Reputation: 4243
I have a dataset that looks like below:
Col1 Col2 Col3 Col4 Last_Col1 Last_Col2 Last_Col3 Last_Col4
NA 1 4 7 9 10 11 12
NA NA 4 NA NA 9 NA 10
8 NA 9 10 11 12 20 49
9 7 NA NA 34 2 3 50
How do I replace the NA values without Last_
in the beginning of the name with with the corresponding columns with Last_
in the name?
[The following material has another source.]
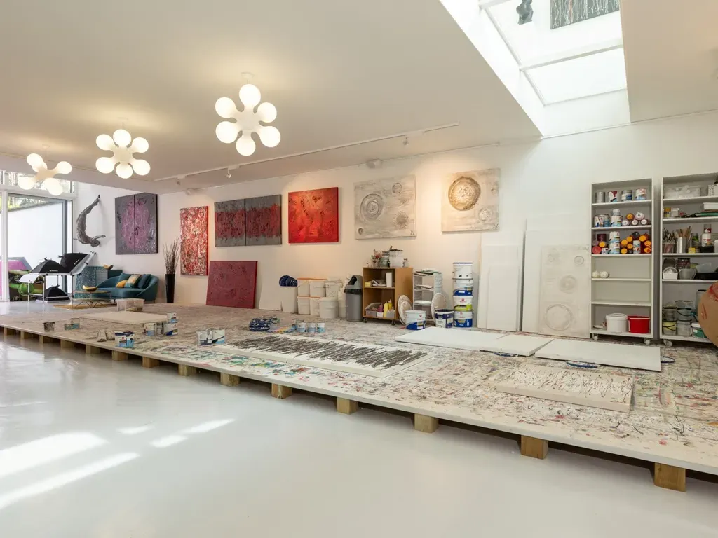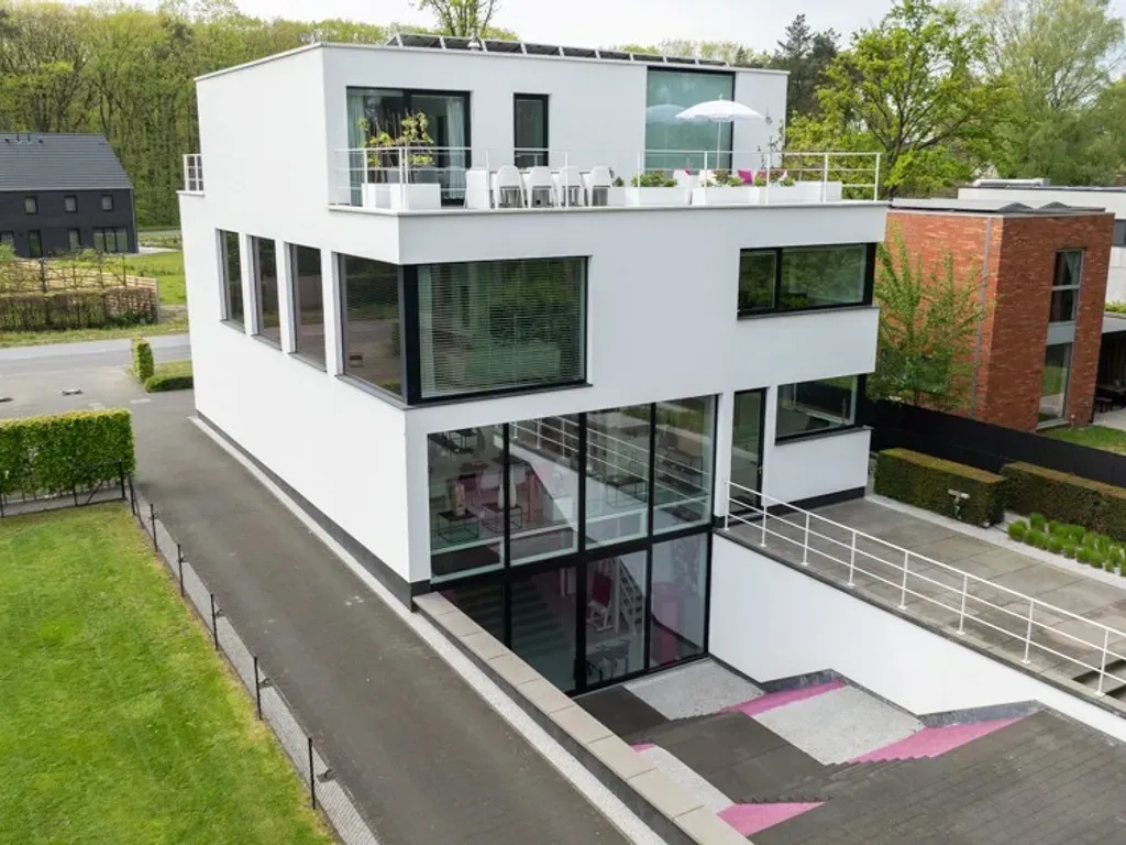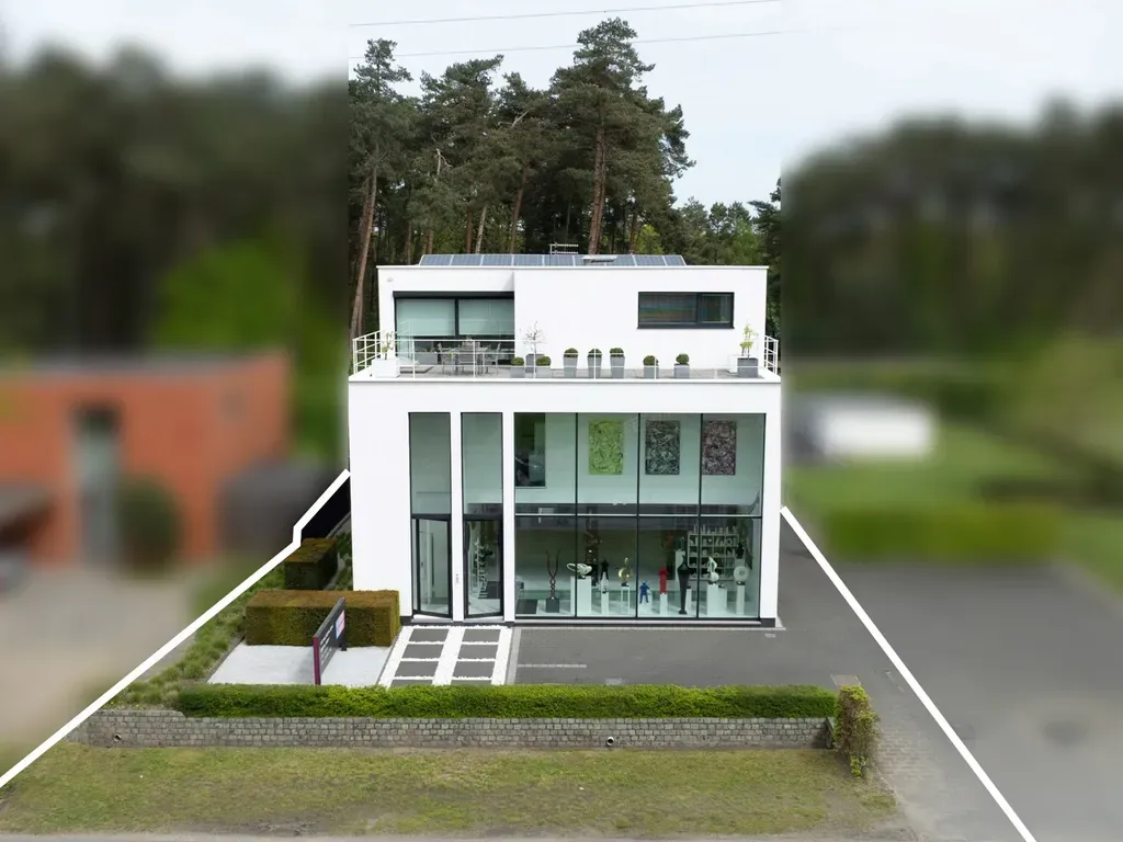 Aan een invalsweg, niet zo ver gelegen van de autostrade E313 vinden we dit knappe, strakke, polyvalente gebouw met meerdere mogelijkheden, momenteel wordt het gelijkvloers en de sous-sol gebruikt als atelier en expositieruimte (391m²) en de 1e en 2e verdieping als woning met kantoren (309m²).

I then want to remove the columns that have Last_
in the name.
Final expected output:
Col1 Col2 Col3 Col4
9 1 4 7
NA 9 4 10
8 12 9 10
9 7 3 50
Any help would be great, thanks!
Upvotes: 2
Views: 55
Reputation: 33498
A data.table
solution (will be very fast on bigger datasets):
ourcols <- paste0("Col", 1:4)
for (col in ourcols) {
rows = which(is.na(dt[[col]]))
set(x = dt, i = rows, j = col, value = dt[rows, get(paste0("Last_", col))])
}
dt[, ..ourcols]
Col1 Col2 Col3 Col4
1: 9 1 4 7
2: NA 9 4 10
3: 8 12 9 10
4: 9 7 3 50
Upvotes: 1
Reputation: 886938
As it is the corresponding columns, we subset the columns that have 'NA' to be replaced ('nm1') and the columns having 'Last' as prefix ('nm2'), create a logical matrix on the first set of columns ('i1'), use that to assign the values of the second set of values that corresponds to NA
nm1 <- names(df1)[1:4]
nm2 <- names(df1)[5:8]
Or use
nm1 <- names(df1)[startsWith(names(df1), "Col")]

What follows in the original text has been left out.